I wrote back to the mom that I knew exactly what she was talking about, and I was sorry if hearing about that was distressing to Sneezer, and I would discuss it with LG. Before I went to discuss it with LG a few days later, I reread the other mother’s email. And I had not caught this upon first reading, but she said there, “If you discuss this with LG, do NOT tell her that Sneezer told me and I told you. Sneezer is worried about getting her in trouble.”
(Here’s the part where I shatter any remaining illusions that I am a pleasant, easy-going person; I really think I used to be. I don’t know if it’s WTF, or old age, or what, but stuff bugs me now, and I say so.) Maybe it’s just me, but that pissed me off. I didn’t get any say in the matter. I was being instructed on how to handle a sensitive subject with my child. I really resented this other woman making the rules about how I could and couldn’t do that. And somehow, just the very act of my opening her email obligated me to follow the rules contained therein, or else be a . . . bad person? Bad friend? Tattletale?
I wrote back to her,
“I didn’t bring this up with LG earlier in the week, because we’ve been so busy. I went back and read your email before approaching her about the subject, and I was glad I did. I didn’t catch the first time that you didn’t want me to mention Sneezer. I will talk to her about it without mentioning Sneezer, as you asked. But I did want to let you know, for future reference, that’s not how I normally communicate with LG, i.e., bringing up something but being unwilling to fully disclose where I’m coming from. I wouldn’t want her to do that with me, so I don’t like to do that with her. I only mention this because I hope that if anything arises in the future that you think I should know about, you will still tell me, even knowing that I will tell her where my information came from.

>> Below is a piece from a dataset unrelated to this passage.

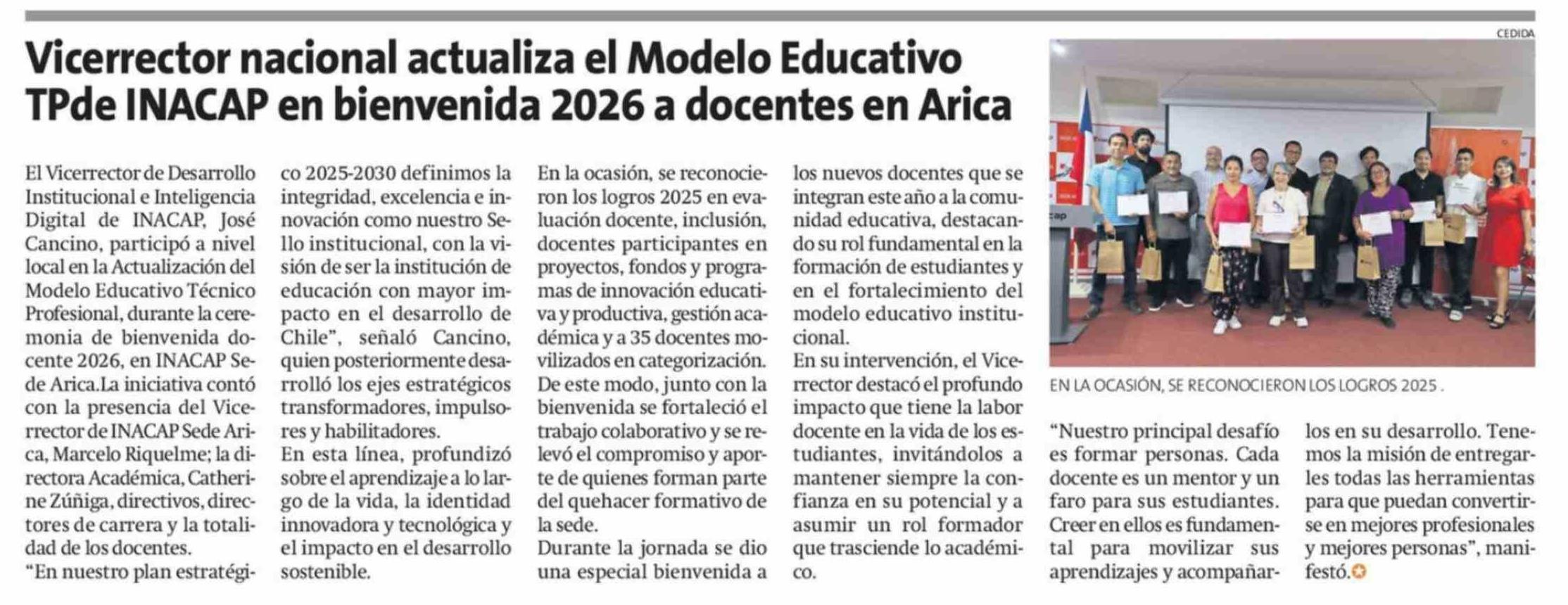 Vicerrector nacional actualiza el Modelo Educativo TPde INACAP en bienvenida 2026 a docentes en Arica

. . . And you can reassure Sneezer that LG isn’t in trouble; I don’t think she did anything wrong. I do need to remind her that not everyone talks about all the things we talk about. Occupational hazard, I’m afraid.
Thanks again for letting me know, and I hope my way of doing things won’t prevent you from communicating any concerns in the future.”
I don’t know whether she’ll ever tell me anything after that. I do know that I don’t want to be constrained by her ideas of parenting, so if she chooses to keep something from me, because I will be honest with my child, that’s the risk I choose to take.
I think it’s the mixed message about these examples that pushes my buttons: I trust you enough to confide this in you, but I don’t trust that you can choose how to handle the information in an appropriate, constructive manner. So I’ll tell you what to do with the information.
How do you handle imposed secrecy? Is it hard for you, or is it just me?